__WHAT THE TASK ASKS__. Return exactly the span of lines in the following data that opens with the line containing "하지만 곡궁 3개와 BF" and closes with the line containing "優しい癒しのサックスブルーと". Include nothing else.

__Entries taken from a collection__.
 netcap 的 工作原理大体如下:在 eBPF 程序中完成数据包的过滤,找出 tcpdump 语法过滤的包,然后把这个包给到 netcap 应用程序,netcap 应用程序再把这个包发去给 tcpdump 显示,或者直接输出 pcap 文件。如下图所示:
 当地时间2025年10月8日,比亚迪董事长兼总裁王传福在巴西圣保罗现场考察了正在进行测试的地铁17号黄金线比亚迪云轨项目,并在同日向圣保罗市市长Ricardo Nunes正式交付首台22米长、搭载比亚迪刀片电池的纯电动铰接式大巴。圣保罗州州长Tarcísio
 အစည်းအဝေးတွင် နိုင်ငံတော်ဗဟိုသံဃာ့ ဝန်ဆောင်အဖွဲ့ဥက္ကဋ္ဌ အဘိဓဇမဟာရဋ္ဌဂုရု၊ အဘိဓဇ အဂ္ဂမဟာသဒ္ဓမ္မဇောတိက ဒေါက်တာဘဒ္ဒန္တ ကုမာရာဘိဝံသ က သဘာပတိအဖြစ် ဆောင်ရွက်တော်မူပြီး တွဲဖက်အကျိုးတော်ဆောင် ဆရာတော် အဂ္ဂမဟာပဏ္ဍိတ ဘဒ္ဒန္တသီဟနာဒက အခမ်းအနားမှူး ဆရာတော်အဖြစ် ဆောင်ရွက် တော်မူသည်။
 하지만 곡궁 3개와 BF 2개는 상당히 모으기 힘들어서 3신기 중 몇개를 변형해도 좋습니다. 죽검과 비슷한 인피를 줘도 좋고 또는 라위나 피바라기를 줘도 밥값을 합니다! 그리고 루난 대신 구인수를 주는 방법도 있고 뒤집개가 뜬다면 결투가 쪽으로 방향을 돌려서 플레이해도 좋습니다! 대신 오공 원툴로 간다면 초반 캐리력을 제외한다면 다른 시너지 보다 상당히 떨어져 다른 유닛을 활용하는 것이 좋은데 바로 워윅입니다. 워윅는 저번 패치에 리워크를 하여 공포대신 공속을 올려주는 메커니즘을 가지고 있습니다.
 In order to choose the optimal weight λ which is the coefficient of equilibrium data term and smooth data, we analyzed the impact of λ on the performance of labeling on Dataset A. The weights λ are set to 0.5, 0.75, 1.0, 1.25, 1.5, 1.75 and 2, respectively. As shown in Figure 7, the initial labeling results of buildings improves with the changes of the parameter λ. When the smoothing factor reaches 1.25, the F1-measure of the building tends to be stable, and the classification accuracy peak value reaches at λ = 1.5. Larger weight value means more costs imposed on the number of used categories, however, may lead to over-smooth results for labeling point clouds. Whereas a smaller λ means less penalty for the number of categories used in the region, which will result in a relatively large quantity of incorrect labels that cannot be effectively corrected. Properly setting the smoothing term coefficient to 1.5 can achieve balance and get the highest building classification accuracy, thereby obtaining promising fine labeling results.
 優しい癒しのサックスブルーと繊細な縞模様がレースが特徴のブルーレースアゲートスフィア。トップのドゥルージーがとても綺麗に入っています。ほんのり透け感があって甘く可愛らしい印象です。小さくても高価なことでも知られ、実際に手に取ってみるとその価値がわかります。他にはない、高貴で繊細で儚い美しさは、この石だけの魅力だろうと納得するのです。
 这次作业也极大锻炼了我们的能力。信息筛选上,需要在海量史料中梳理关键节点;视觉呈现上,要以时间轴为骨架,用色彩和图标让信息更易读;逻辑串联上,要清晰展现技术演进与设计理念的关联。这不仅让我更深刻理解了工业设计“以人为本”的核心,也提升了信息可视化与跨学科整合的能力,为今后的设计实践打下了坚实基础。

__WRITTEN ANSWER__.
 하지만 곡궁 3개와 BF 2개는 상당히 모으기 힘들어서 3신기 중 몇개를 변형해도 좋습니다. 죽검과 비슷한 인피를 줘도 좋고 또는 라위나 피바라기를 줘도 밥값을 합니다! 그리고 루난 대신 구인수를 주는 방법도 있고 뒤집개가 뜬다면 결투가 쪽으로 방향을 돌려서 플레이해도 좋습니다! 대신 오공 원툴로 간다면 초반 캐리력을 제외한다면 다른 시너지 보다 상당히 떨어져 다른 유닛을 활용하는 것이 좋은데 바로 워윅입니다. 워윅는 저번 패치에 리워크를 하여 공포대신 공속을 올려주는 메커니즘을 가지고 있습니다.
 In order to choose the optimal weight λ which is the coefficient of equilibrium data term and smooth data, we analyzed the impact of λ on the performance of labeling on Dataset A. The weights λ are set to 0.5, 0.75, 1.0, 1.25, 1.5, 1.75 and 2, respectively. As shown in Figure 7, the initial labeling results of buildings improves with the changes of the parameter λ. When the smoothing factor reaches 1.25, the F1-measure of the building tends to be stable, and the classification accuracy peak value reaches at λ = 1.5. Larger weight value means more costs imposed on the number of used categories, however, may lead to over-smooth results for labeling point clouds. Whereas a smaller λ means less penalty for the number of categories used in the region, which will result in a relatively large quantity of incorrect labels that cannot be effectively corrected. Properly setting the smoothing term coefficient to 1.5 can achieve balance and get the highest building classification accuracy, thereby obtaining promising fine labeling results.
 優しい癒しのサックスブルーと繊細な縞模様がレースが特徴のブルーレースアゲートスフィア。トップのドゥルージーがとても綺麗に入っています。ほんのり透け感があって甘く可愛らしい印象です。小さくても高価なことでも知られ、実際に手に取ってみるとその価値がわかります。他にはない、高貴で繊細で儚い美しさは、この石だけの魅力だろうと納得するのです。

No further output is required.